*Instructions for the task:* Lines from the one containing "De acordo com" through the final line of the records below are needed, copied exactly, with no pictures.

Stored items
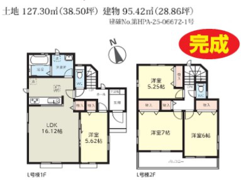 L号棟 間取り 4LDK 価格 3590万円 建物面積 95.24m2 土地面積 127.30m2 -
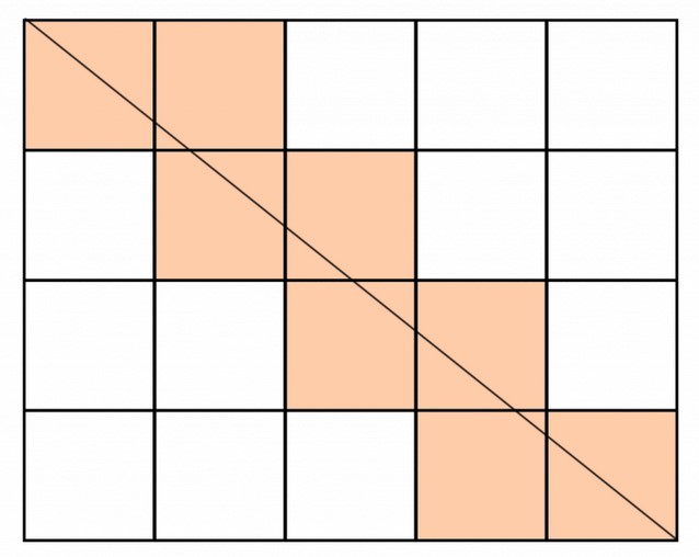 Diagonal Un rectángulo de 1000 × 1004 se divide en cuadrados de 1 × 1. ¿Por cuántos de estos cuadrados pasa la diagonal principal del rectángulo grande? Vale como ejemplo de un caso de 5 x 4 la imagen de arriba cuya solución sería 8.
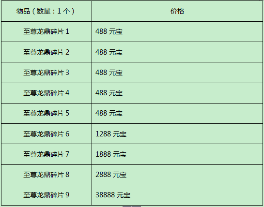 ² 同时在活动中出售所有至尊龙鼎碎片:
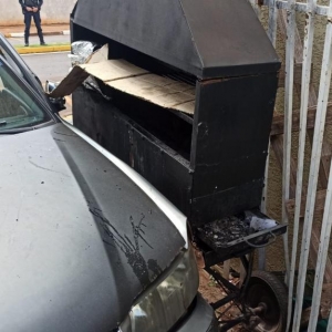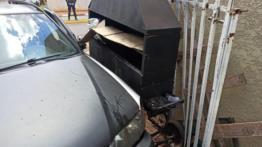 De acordo com informações, o acidente ocorreu quando o Ford Ka trafegava pela via e a Parati, conduzida por um homem de 65 anos, saía do acostamento e foi atingida pelo Fiesta. Após a colisão, a Parati avançou sobre a calçada, bateu no portão de uma residência e danificou uma churrasqueira de latão, parando parcialmente dentro do terreno.
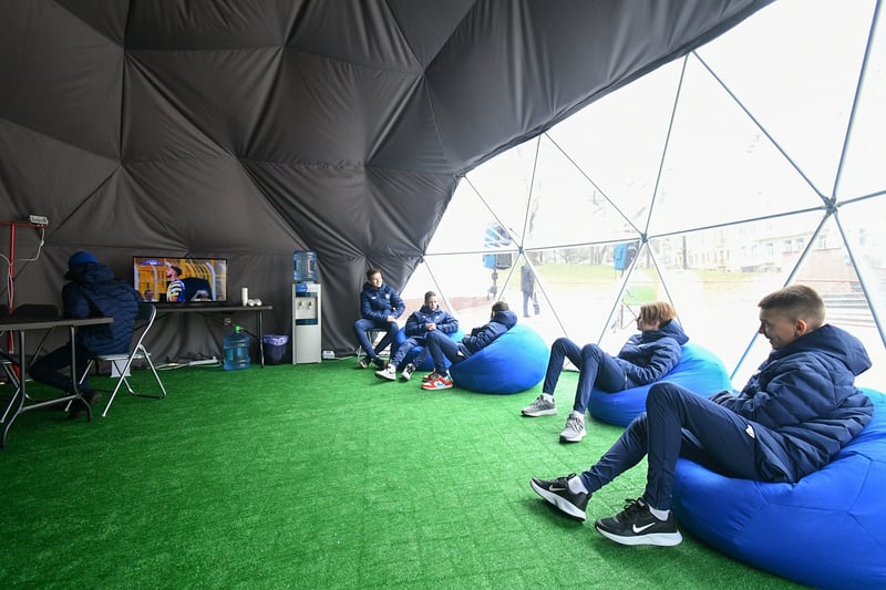 У брендовому «Пункті незламності» доступні світло, супутниковий інтернет, вода та напої. На затишних динамівських пуфах можна подивитися телевізор, зокрема – матчі улюбленої команди.

*Expected answer:*
 De acordo com informações, o acidente ocorreu quando o Ford Ka trafegava pela via e a Parati, conduzida por um homem de 65 anos, saía do acostamento e foi atingida pelo Fiesta. Após a colisão, a Parati avançou sobre a calçada, bateu no portão de uma residência e danificou uma churrasqueira de latão, parando parcialmente dentro do terreno.
 У брендовому «Пункті незламності» доступні світло, супутниковий інтернет, вода та напої. На затишних динамівських пуфах можна подивитися телевізор, зокрема – матчі улюбленої команди.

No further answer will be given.